- Genre: Adventure
- Written by: Don Ingalls
- Directed by: Earl Bellamy
- Starring: Robert Culp Martin Milner Barbara Hershey
- Music by: Richard LaSalle
- Country of origin: United States
- Original language: English

Production
- Executive producer: Irwin Allen
- Producer: Al Gail
- Production locations: Brownsville, Oregon Eugene, Oregon Harrisburg, Oregon Fall Creek Lake, Oregon
- Cinematography: Lamar Boren
- Editor: Bill Brame
- Running time: 100 minutes
- Production companies: Irwin Allen Productions Warner Bros. Television
- Budget: $2.5 million

Original release
- Network: NBC
- Release: November 24, 1976

= Flood! =

1976 television film by Earl Bellamy

Flood! is a 1976 American made-for-television adventure film directed by Earl Bellamy. The film premiered on NBC on November 24, 1976.

==Plot==
A large freshwater lake above the small town of Brownsville, Oregon is a popular tourist attraction and fishing destination, which provides the town with much of its economic activity. After a season of heavy rains, the lake is nearly overflowing. The mayor of the town refuses to open the flood gates to relieve pressure on the dam, for fear of impacting the sportsfishing industry, and the town's economy from the tourist trade.

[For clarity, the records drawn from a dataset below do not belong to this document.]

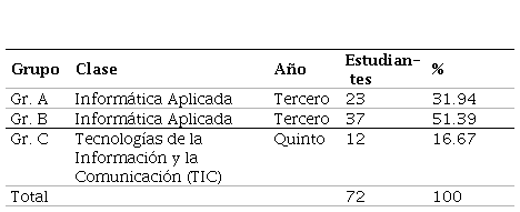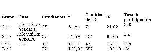 En relación con los grupos de estudiantes participantes (Gr. A, Gr. B y Gr.C), los resultados muestran que los estudiantes más activos en la producción de TC correspondieron al Grupo B. Este grupo, además de ser el más numeroso, es el que mayor nivel de representatividad tiene sobre la producción de TC. El detalle de la participación por grupos se muestra en la Tabla 9.
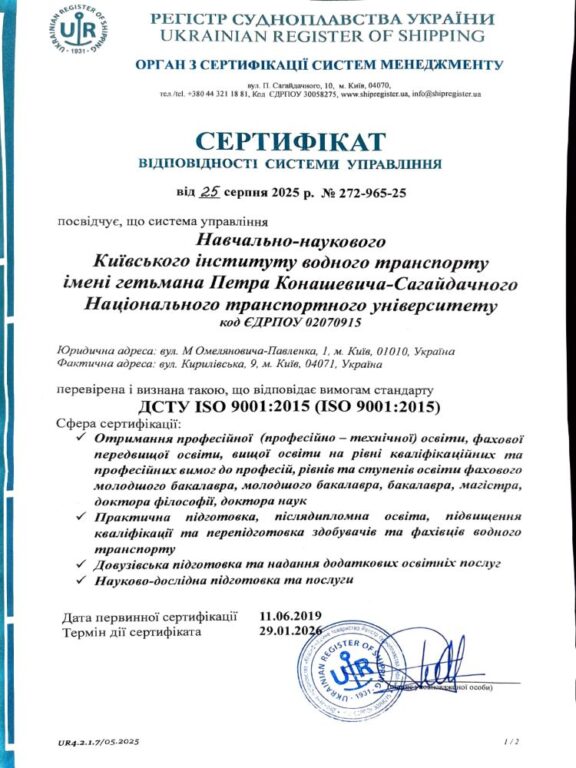 Сертифікація проведена Українським Регістром судноплавства – органом з сертифікації систем менеджменту, акредитованим на міжнародному рівні.
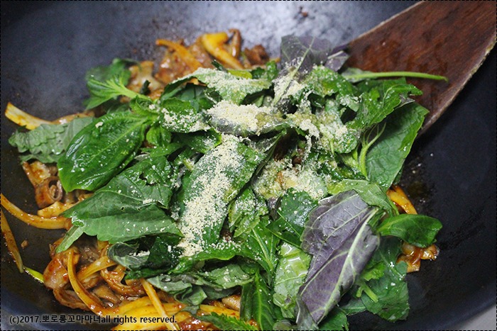 곱창에 양념이 잘 스며들고 익으면~깻순과 들깨가루 넣고 들기름 약간 넣은 뒤에
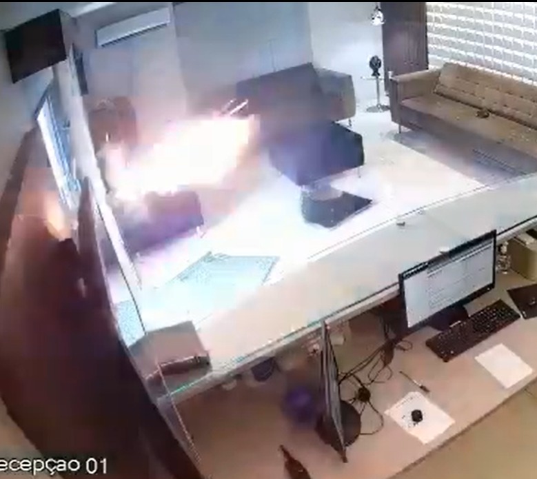 Nas imagens das câmeras de segurança é possível ver a reação de susto, das pessoas dentro do escritório atacado. Pedras, rojões e até um capacete foram utilizados pelos vândalos.

When the dam starts sprouting small leaks due to the pressure, town board member, Paul Burke enlists the help of Sam Adams to determine the safety of the dam. When the dam starts showing signs of imminent collapse, and the floodgates are jammed and unable to be opened to lower the level of the lake, Burke enlists friend (and helicopter pilot) Steve Brannigan to free the stuck gates using a helicopter before the dam bursts, and floods the town below.

==Cast==
- Robert Culp as Steve Brannigan
- Martin Milner as Paul Burke
- Barbara Hershey as Mary Cutler
- Richard Basehart as John Cutler
- Carol Lynley as Abbie Adams
- Roddy McDowall as Mr. Franklin
- Cameron Mitchell as Sam Adams
- Eric Olson as Andy Cutler
- Teresa Wright as Alice Cutler
- Francine York as Daisy Kempel
- Whit Bissell as Dr. Ted Horne
- Leif Garrett as Johnny Lowman
- Ann Doran as Emma Fisher
- Elizabeth Rogers as Nancy Lowman
- James Griffith as Charlie Davis
- Edna Helton as Mrs. Wilson
- Gloria Stuart as Mrs. Parker
- Jack Collins as Jack Spangler

==Production==
Irwin Allen had huge success with two disaster films. In 1975, he announced he would make three TV movies for ABC, The Forgotten World, Flood and Time Traveller. The film ended up on NBC

In August 1976, Robert Culp and Martin Milner signed to star. Filming started that month at Fern Ridge Reservoir west of Eugene, Oregon.
Filming continued in Brownsville, Oregon and at the Fall Creek Lake dam, the featured dam in the film. The Brownsville Christian Church was used as the hospital, while the Brownsville Fire Station/City Hall was used as City Hall, but only for exterior shots, as was Main Street. The nearby Crawfordsville Covered Bridge was used also. Brownsville is also the same town that was used to film many scenes for Stand by Me in 1985.

==Reception==
The Los Angeles Times said it "fails to offer much excitement".